信州小諸の女子高生佐保は、高校に入学してから俳句を始めた。地元出身で、教科書にも句がのるほどの、まだ30前の新進俳人花鳥。帰郷して俳誌を始めた花鳥先生のもとには今六人の門下生がいて、佐保はその一人。他には幼馴染みで寺の副住職でありながら皮ジャンの弁慶、木馬さん、中学の国語教師の裕子さん、洋装の老婦人音無夫人、老儒学者の小津翁、小学校四年の久弥君

佐保が学校や日常で出くわす謎を花鳥先生が俳句の解説を交えながら、解いていく三つの話からなっている

以前読んだ橋本紡さんの『葉桜』では書道塾だったが、若い先生が大家の書道家のもとを離れて、子供に書道を教える塾を開いていた。花鳥先生も高卒で第一句集をだし、将来を期待され、大卒と共に愛媛の大家の俳人のもとにいたのが、なぜか故郷にかえっている。何があったのか?最後まで読んだがはっきりわからない。いつかまた続編でも出て明らかになるのかどうか

でもこちらはやや謎解きが表に出ている感じか

最初の「桜」では、佐保のカンニング問題が扱われている。彼女の答案と瓜二つの答案が隣のクラスにあり、その子が首席で入学して学年長を勤めているため、佐保がカンニングしたと先生は頭ごなし。でもしてない、がいかにして可能か?

二番目「菫」では佐保宅に届く、郵便、小包など、訳のわからないものの謎

三番目は「雛祭」。長女である佐保の姉が生まれてから毎年近所の人を呼んで茶会を催すほど熱心な父。地元人間でそば屋を開いている職人かたぎの父親。佐保の高校入学と同時に東京の大学にいった姉。雛祭りの夜、やっと帰ってきたが、若い男性の車に乗っていた。隣町出身でソムリエ志望の若者。その彼が雛壇を見ると、黙って立ち去ってしまい、訳がわからない。その謎を花鳥先生は解き明かしていく

俳人は言葉をあやつるプロだから、また俳句は写生が基本だから、先入観なく、物事をありのままに見るからこそ、見過ごしてしまうような片鱗から真相に近づくのかも知れないな。
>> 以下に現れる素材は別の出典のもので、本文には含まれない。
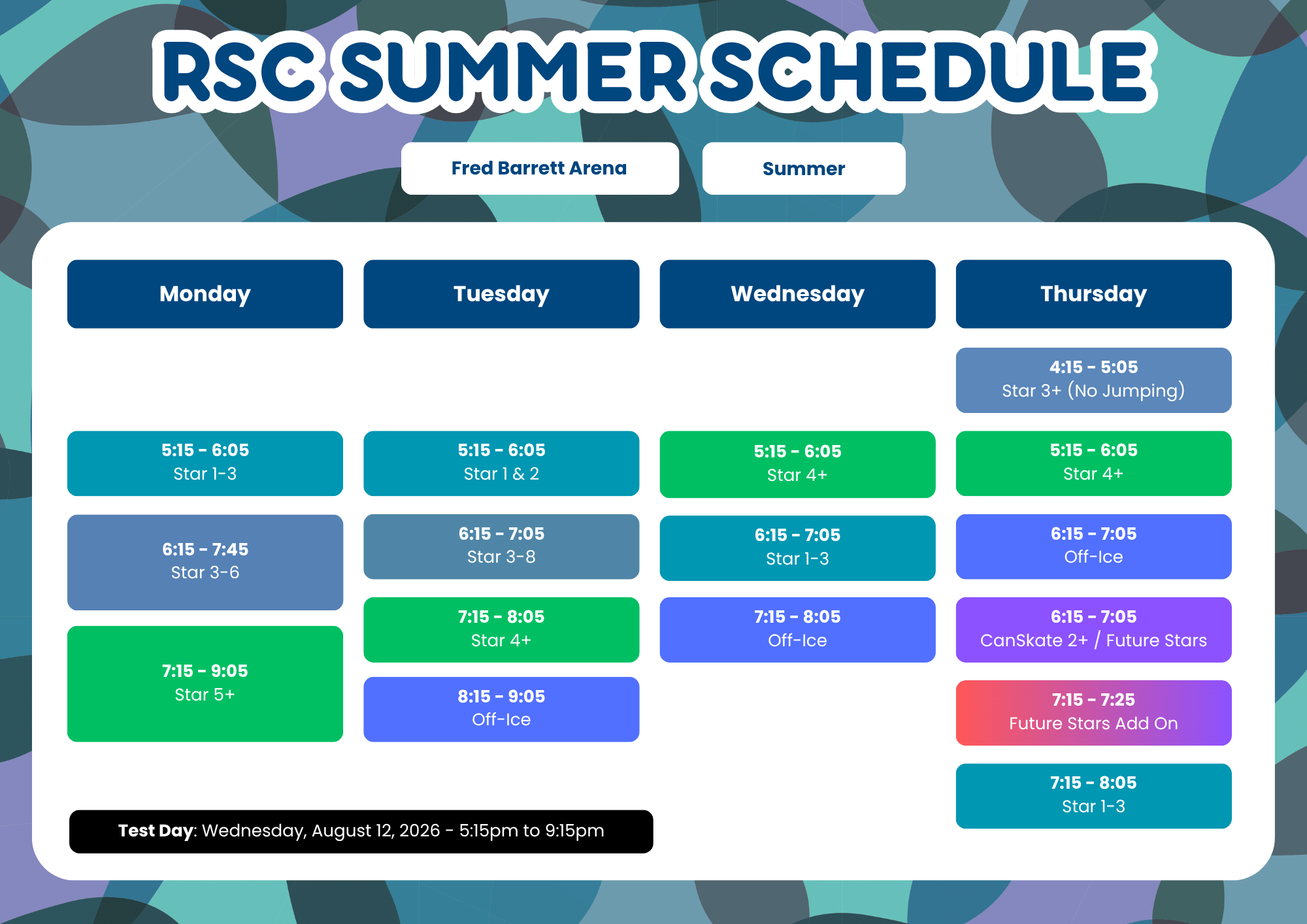 | Tuesday: July 7, 2026 to August 18, 2026 — Fred Barret Arena (West) | Cancellations | |

以前読んだ小説では、同じように言葉を仕事道具にしている落語家が探偵役になる日常の謎シリーズもあったな

謎解きだけでなく、知っていそうで知らなかった、あるいは誤解していた言葉の意味や、しきたりなどの意味もわかる興味深い小説だった。著者は主人公と同じ名前。ということははじめての作品かな。読んでいて、少しごつごつしたり、退屈な箇所もあったが、なかなかよかった。